Defining Networks

Deep networks are compositional models that are naturally represented as a collection of inter-connected layers that work on chunks of data. In Strada, models can be conveniently described in Julia, either statically at the beginning of the computation (CaffeNet) or dynamically at runtime (ApolloNet). The network defines the entire model bottom-to-top from input data to loss. As data and derivatives flow through the network in the forward and backward passes Caffe stores, communicates, and manipulates the information as blobs: the blob is the standard array and unified memory interface for the framework. The layer comes next as the foundation of both model and computation. The net follows as the collection and connection of layers. The details of blob describe how information is stored and communicated in and across layers and nets.

Layers and Blobs

The layer is the essence of a model and the fundamental unit of computation. Layers convolve filters, pool, take inner products, apply nonlinearities like rectified-linear and sigmoid and other elementwise transformations, normalize, load data, and compute losses like softmax and hinge. See the layer catalogue for all operations. Most of the types needed for state-of-the-art deep learning tasks are there.

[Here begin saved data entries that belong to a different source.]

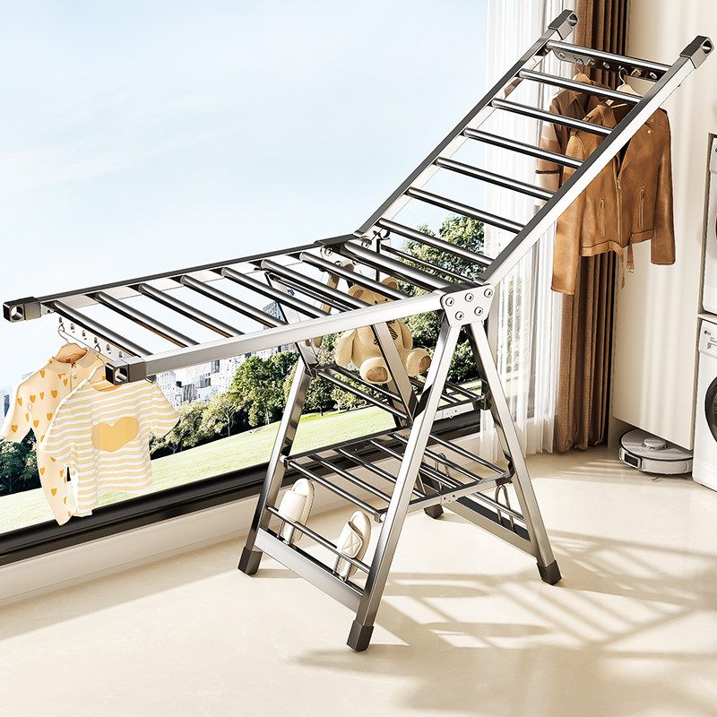 SHESHOME晾衣架落地折叠多功能家用室内不锈钢衣架阳台婴儿晒衣架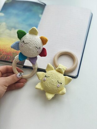 There are crochet amigurumi patterns of teether sun and rainbow flower teether (PDF file).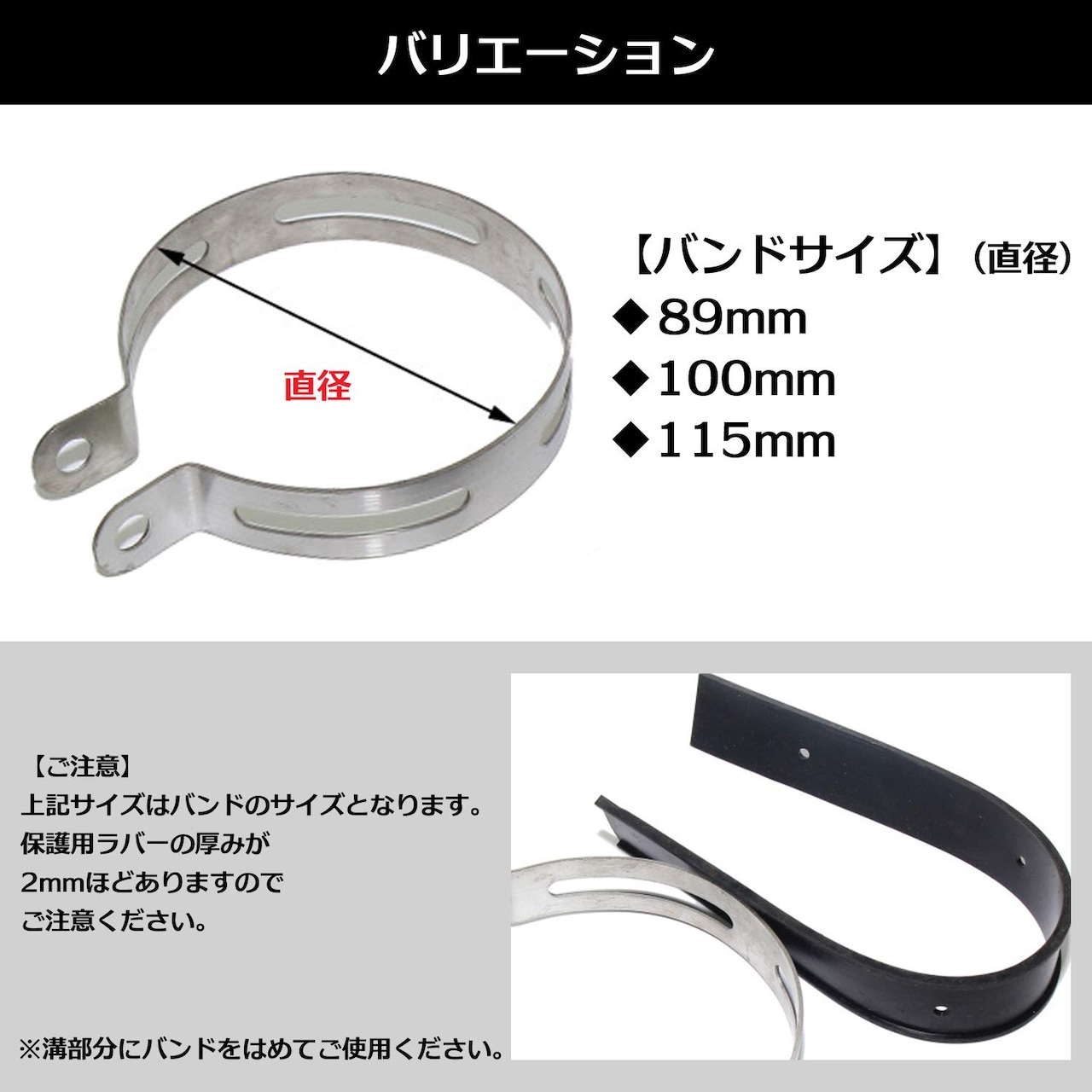 サイレンサーバンドは、カスタムマフラーを装着したバイクに適した固定バンドであり、さまざまなサイズのマフラーに対応できるよう設計されています。バンドのサイズは約89mm、約100mm、約115mmの3種類があり、適切なサイズを選択することで、確実な取り付けが可能になります。これにより、マフラーをしっかりと固定し、安全性と安定性を向上させます。
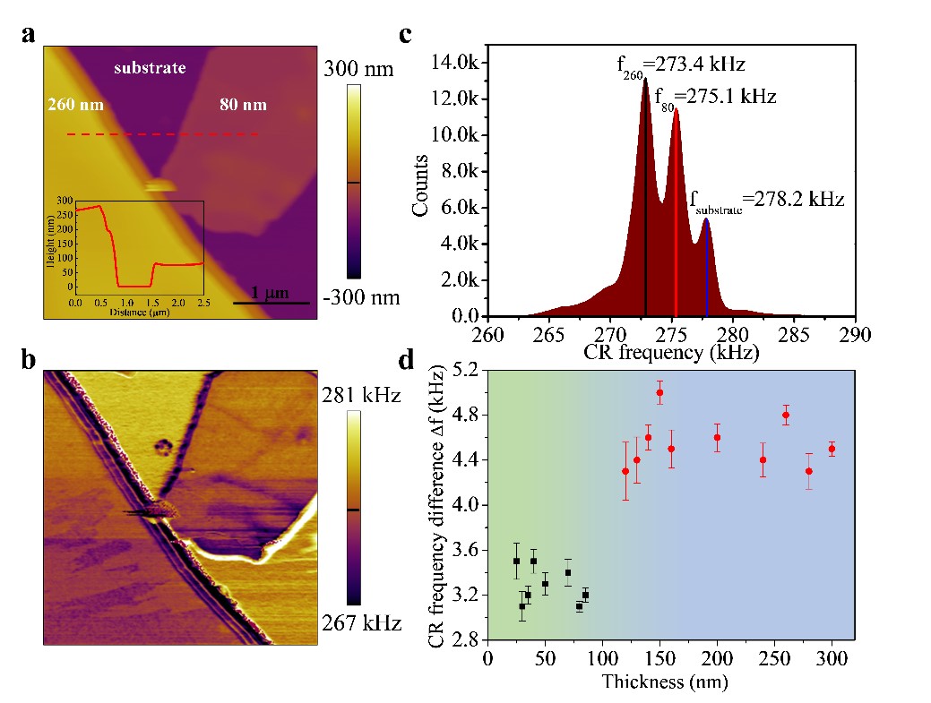 洪家旺与王学云课题组在铁电材料的研究领域具有丰富经验(Nature Physics, 10, 970-977; Phys. Rev. Lett. 112, 247201等),邓建明等人利用化学气相输运法合成了CuInP2S6单晶材料,通过压电力显微镜研究了二维材料CuInP2S6的尺寸效应诱导结构相变和铁电序参量变化。首次发现二维铁电材料CuInP2S6具有面内铁电性,在低于90 nm面内铁电极化消失(如图1所示)。刘彦昱博士与李明强分别通过第一性原理计算和透射电子显微镜表征表明,维度下降,材料的晶体结构由单斜相转变为三方相,该结构相变引发在临界尺寸以下面内铁电性消失,同时发现了杨氏模量在临界尺寸附近发生突变(如图2所示)。这些新奇的物理机制,对理解和设计纳米级电子存储器件具有非常重要意义。

A Blob is a wrapper over the actual data being processed and passed along by Caffe, and also under the hood provides synchronization capability between the CPU and the GPU. Below, we describe how the Caffe blobs are mapped to Julia types. Each layer takes its input from so called bottom blobs and puts the output into top blobs.

Layer definitions in Julia looks like

ConvLayer("conv1", ["data"]; kernel=(11,11), stride=(4,4), n_filter=96)

The first parameter is the name of the layer, the second parameter is the name of the bottom blobs. There is an optional third parameter where you can specify the names of the top blobs. If it is omitted, we assume one top blob with the same name as the layer. Next, we describe how layers can be combined to form networks.

Networks in Strada

In Strada, there are two ways to specify a network: CaffeNet and ApolloNet. The former is designed to be compatible with Caffe so that all the features and models implemented for Caffe can easily be ported to Strada. It requires the specification of the network architecture before any computation is performed. The latter is more suited to implementing recurrent networks and allows building the network on the fly.

This is how a CaffeNet is defined:

layers = [
    MemoryLayer("data", data=ones(Float32, 10, 10)),
    MemoryLayer("label", data=ones(Float32, 10, 1)),
    LinearLayer("ip1", ["data"]; n_filter=1),
    ActivationLayer("relu1", ["ip1"]; activation=ReLU),
    LinearLayer("ip2", ["relu1"]; n_filter=1),
    SoftmaxWithLoss("loss", ["ip2", "label"])
]

net = Net("SimpleNet", layers; log_level=3)

This is how you can run an ApolloNet:

net = Net("SimpleNet"; log_level=3)

function run_simple(net)
    reset(net)
    forward(net, DataLayer("data", data=ones(Float32, 10, 10)))
    forward(net, DataLayer("label", data=ones(Float32, 10)))
    forward(net, LinearLayer("ip1", ["data"]; n_filter=1, param_names=["ip1_weights", "ip1_bias"]))
    forward(net, ActivationLayer("relu1", ["ip1"]; activation=ReLU))
    forward(net, LinearLayer("ip2", ["relu1"]; n_filter=1, param_names=["ip2_weights", "ip2_bias"]))
    forward(net, SoftmaxWithLoss("loss", ["ip2", "label"]))
end

run_simple(net)

Not that an insignificant amount of runtime is being spent on the construction of the network (on the recurrent networks I tried this amounted to about 10% of the total runtime).

Wrapping Caffe blobs in Strada

For a CaffeNet, intermediate results from layer computations are stored in net.blobs, which has two fields: net.blobs.data for the data and net.blobs.diff for the gradients. Both these fields are dictionaries that map layer names to their top blobs, which are Julia arrays. Parameters are stored in net.layers, they also have a net.layers.data and net.layers.diff field.

For an ApolloNet, parameters are named and stored in the net.params which also has a subfield data and diff. This makes sharing of parameters between parts of the network very easy, a crucial feature for recurrent networks. The tops of the layers are stored in net.blobs.